*WORK REQUEST*
Without any pictures, print exactly the lines that run from the start of the data through the line containing "Hook angle has".

*RECORDS SUPPLIED*
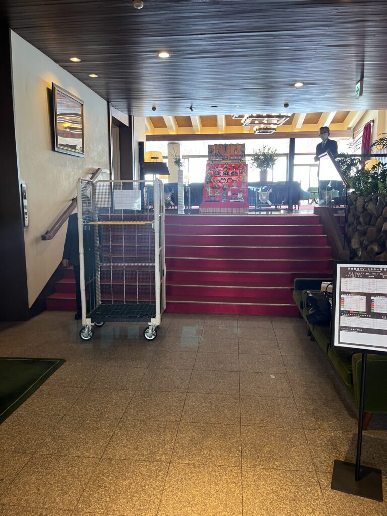 いざレンタカーに乗り、赤倉観光ホテルの入口前につくと、スタッフの方が中から出てきてくれて、荷物を下ろすのを手伝ってくださいました。
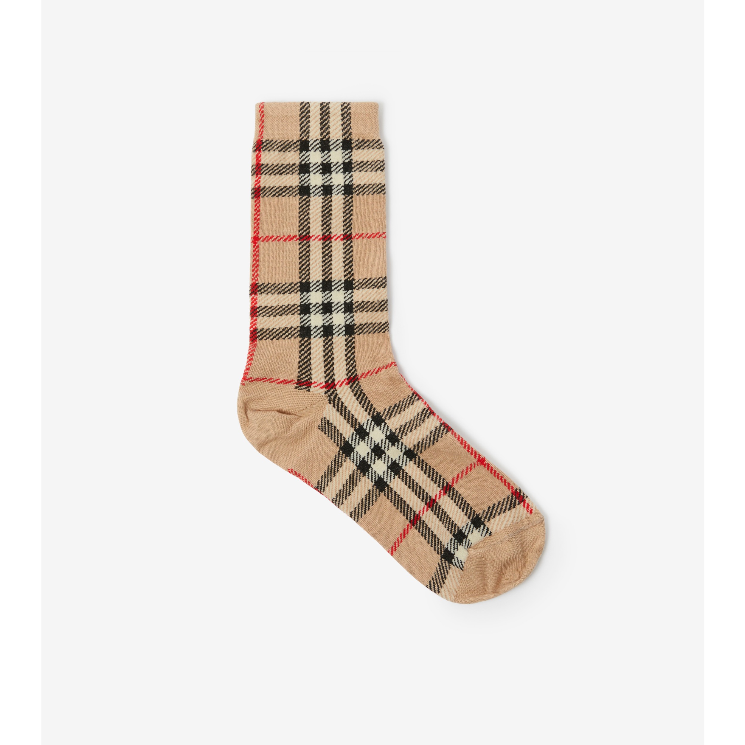 Check Intarsia Technical Stretch Cotton Socks in Archive beige Burberry Official
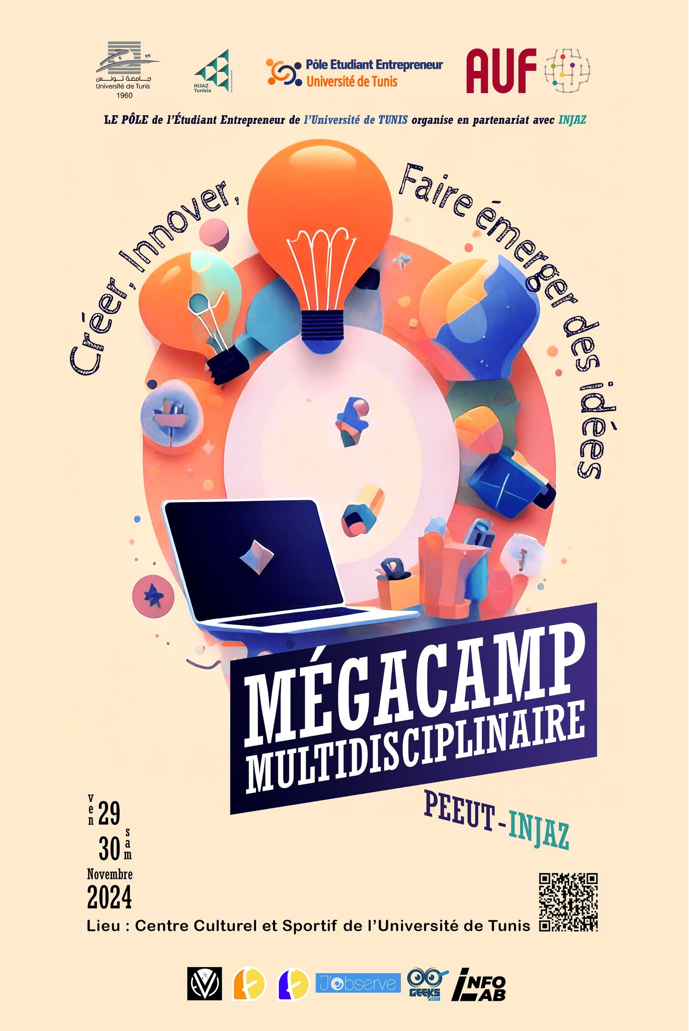 Le Méga Camp Multidisciplinaire est un Hackathon organisé pour la première fois au nouveau Centre Culturel et sportif de l’Université de Tunis, par INJAZ Tunisia et le Pôle Étudiant Entrepreneur de l’Université de Tunis PEE-Université de Tunis.
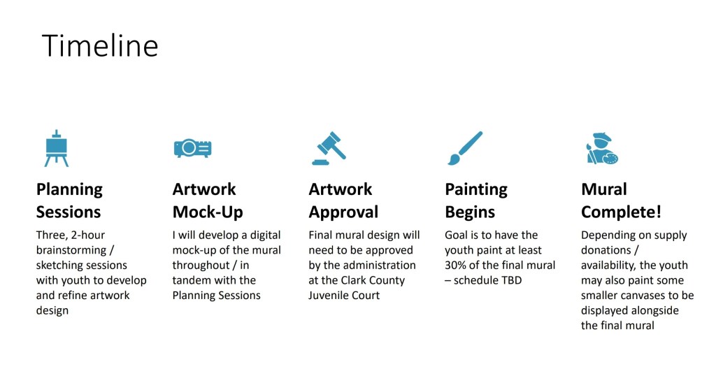 The resulting mural will be a lasting, tangible, positive accomplishment that they can be proud of, and the teamwork and artistic skills gleaned from the entire process will hopefully have a therapeutic impact on their lives moving forward.
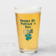 Kleeblatt Clover Irish Happy St. Patrick's Day Bierglas. Ein Happy St. Patrick`s Day Text mit irischem Kleeblatt zeichnend zum Glück. Sie können den Text ändern.
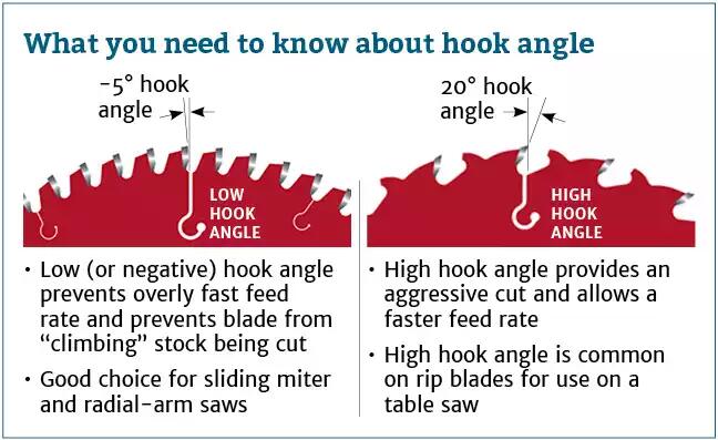 Hook angle has an important effect on blade operation. A blade with high positive hook angle (say, 20°) will yield a very aggressive cut and a fast feed rate. A low or negative hook angle will slow the feed rate and will also inhibit the blade's tendency to "climb" the material being cut. A blade for ripping lumber on a table saw will generally have a high hook angle, where an aggressive, fast cut is usually what you want. Radial-arm saws and sliding compound miter saws, on the other hand, require a blade with a very low or negative hook angle to inhibit overly fast feed rate, binding and the blade's tendency to "climb" the material.
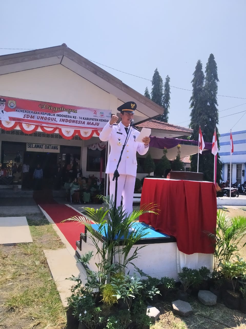 Pada upacara HUT RI ke 74 inspektur upacara adalah Camat Kaliwungu Bpk. Achmad Ircham Chalid, S.STP. MH, untuk komandan upacara dan komandan Pleton adalah Ramil Kecamatan Kaliwungu. Pembaca Doa adalah dari KUA Kecamatan Kaliwungu.
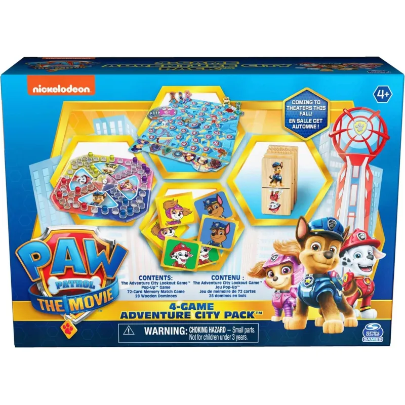 PAW Patrol: The Movie 4-Game Adventure Pack – memory match, pop-up fun, wooden dominoes, and lookout games! Perfect for kids 4 and up.
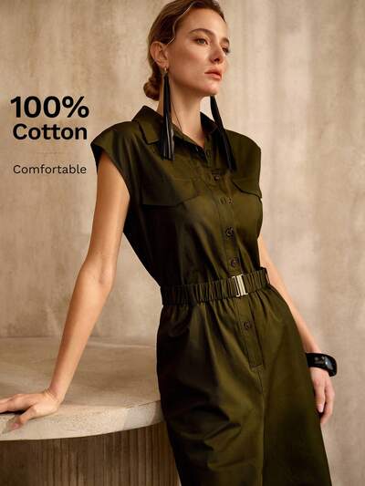 100%コットン ノースリーブ ベルト付きジャンプスーツ、ヴィンテージスタイル-42%
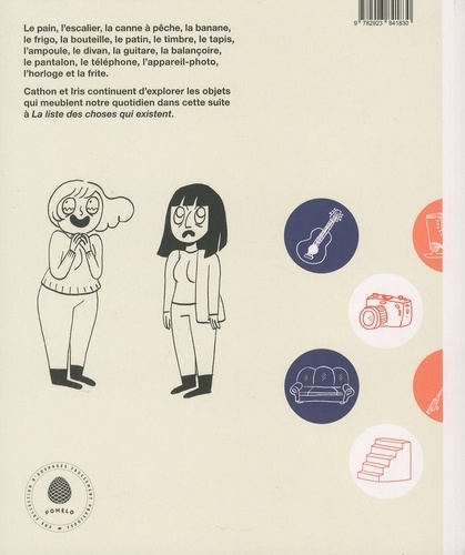 Cathon et Iris aiment les objets. Les objets amusants, brillants, décoratifs, mobiles, pliables ou fashion... Les deux auteures aiment tellement les objets qu'elles nous proposent une suite à La liste des choses qui existent ! Dans Encore plus de choses qui existent vous apprendrez entre autres d'où viennent la canne à pêche, le timbre poste ou l'ampoule électrique. Véritable encyclopédie ludique, ce livre est, une fois de plus, le résultat d'un travail à quatre mains par Cathon et Iris.
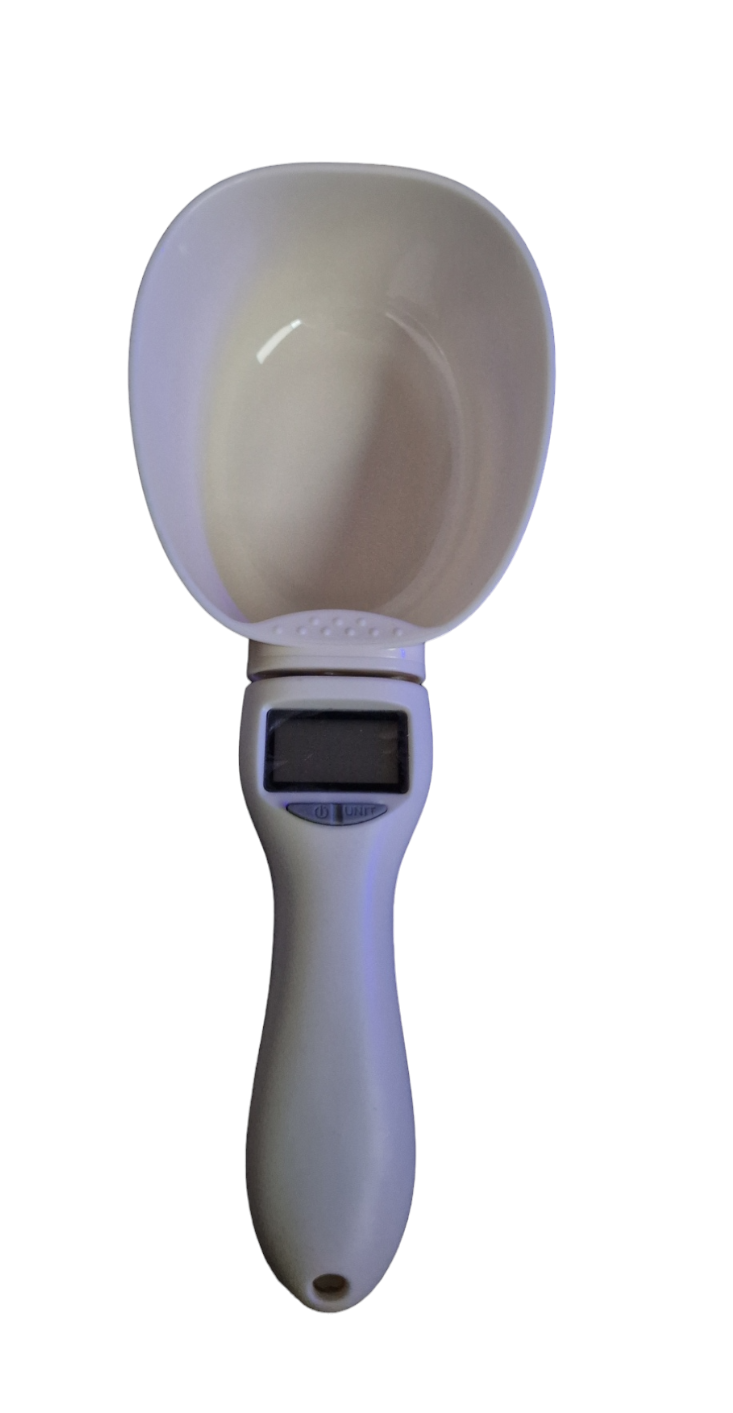 Mit dem digitalen Bildschirm kann das Futtergewicht genau abgemessen werden, um eine ausgewogene Ernährung sicherzustellen. Der Messlöffel hat Platz für eine Portion und ist für Hunde und Katzen geeignet.

*YOUR RESPONSE*
 いざレンタカーに乗り、赤倉観光ホテルの入口前につくと、スタッフの方が中から出てきてくれて、荷物を下ろすのを手伝ってくださいました。
 Check Intarsia Technical Stretch Cotton Socks in Archive beige Burberry Official
 Le Méga Camp Multidisciplinaire est un Hackathon organisé pour la première fois au nouveau Centre Culturel et sportif de l’Université de Tunis, par INJAZ Tunisia et le Pôle Étudiant Entrepreneur de l’Université de Tunis PEE-Université de Tunis.
 The resulting mural will be a lasting, tangible, positive accomplishment that they can be proud of, and the teamwork and artistic skills gleaned from the entire process will hopefully have a therapeutic impact on their lives moving forward.
 Kleeblatt Clover Irish Happy St. Patrick's Day Bierglas. Ein Happy St. Patrick`s Day Text mit irischem Kleeblatt zeichnend zum Glück. Sie können den Text ändern.
 Hook angle has an important effect on blade operation. A blade with high positive hook angle (say, 20°) will yield a very aggressive cut and a fast feed rate. A low or negative hook angle will slow the feed rate and will also inhibit the blade's tendency to "climb" the material being cut. A blade for ripping lumber on a table saw will generally have a high hook angle, where an aggressive, fast cut is usually what you want. Radial-arm saws and sliding compound miter saws, on the other hand, require a blade with a very low or negative hook angle to inhibit overly fast feed rate, binding and the blade's tendency to "climb" the material.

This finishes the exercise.